§ Information shown

- Opening Delimiter -

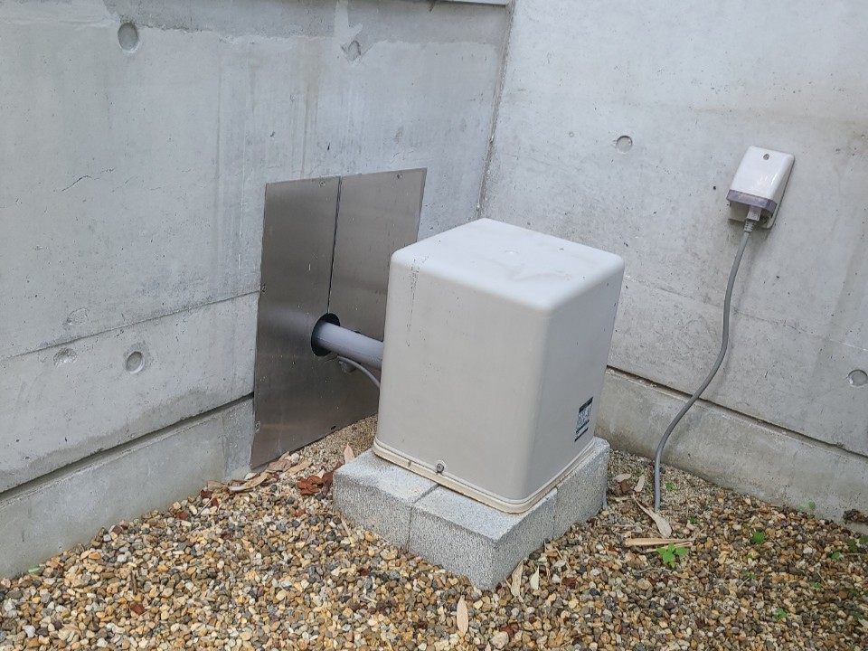 ブローバス(ジェットバス)は浴槽の側面からブロー(気泡)を含んだ水流を発生するお風呂なので野外にポンプユニットが設置されていました
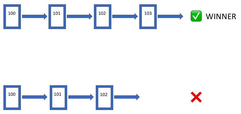 除了校驗塊以外,我們還會遇到一個問題:兩個節(jié)點都生成塊并添加到各自的鏈上,那我們應(yīng)該以誰為準(zhǔn)?這里的細(xì)節(jié)我們留到下一篇文章,這里先讓我們記住一個原則:始終選擇最長的鏈:
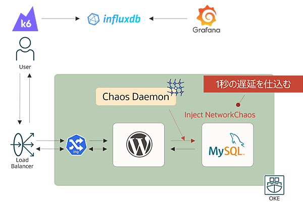 Chaos Meshのワークフロー機能を活用し、k6を用いた定常状態の測定、WordPressとMySQLの間の通信に1sの遅延を注入した際の平均応答時間の測定、Slack通知までを自動化しています。さらに、k6の実行結果とChaos Meshのイベントログを同じGrafanaのダッシュボードに表示することで、イベント注入のタイミングと測定結果の紐づけも分かりやすくなります。

- Closing Delimiter -

§ Description of the task
Copy out all of the listing word for word, but skip the images.

§ Output of the task
 ブローバス(ジェットバス)は浴槽の側面からブロー(気泡)を含んだ水流を発生するお風呂なので野外にポンプユニットが設置されていました
 除了校驗塊以外,我們還會遇到一個問題:兩個節(jié)點都生成塊并添加到各自的鏈上,那我們應(yīng)該以誰為準(zhǔn)?這里的細(xì)節(jié)我們留到下一篇文章,這里先讓我們記住一個原則:始終選擇最長的鏈:
 Chaos Meshのワークフロー機能を活用し、k6を用いた定常状態の測定、WordPressとMySQLの間の通信に1sの遅延を注入した際の平均応答時間の測定、Slack通知までを自動化しています。さらに、k6の実行結果とChaos Meshのイベントログを同じGrafanaのダッシュボードに表示することで、イベント注入のタイミングと測定結果の紐づけも分かりやすくなります。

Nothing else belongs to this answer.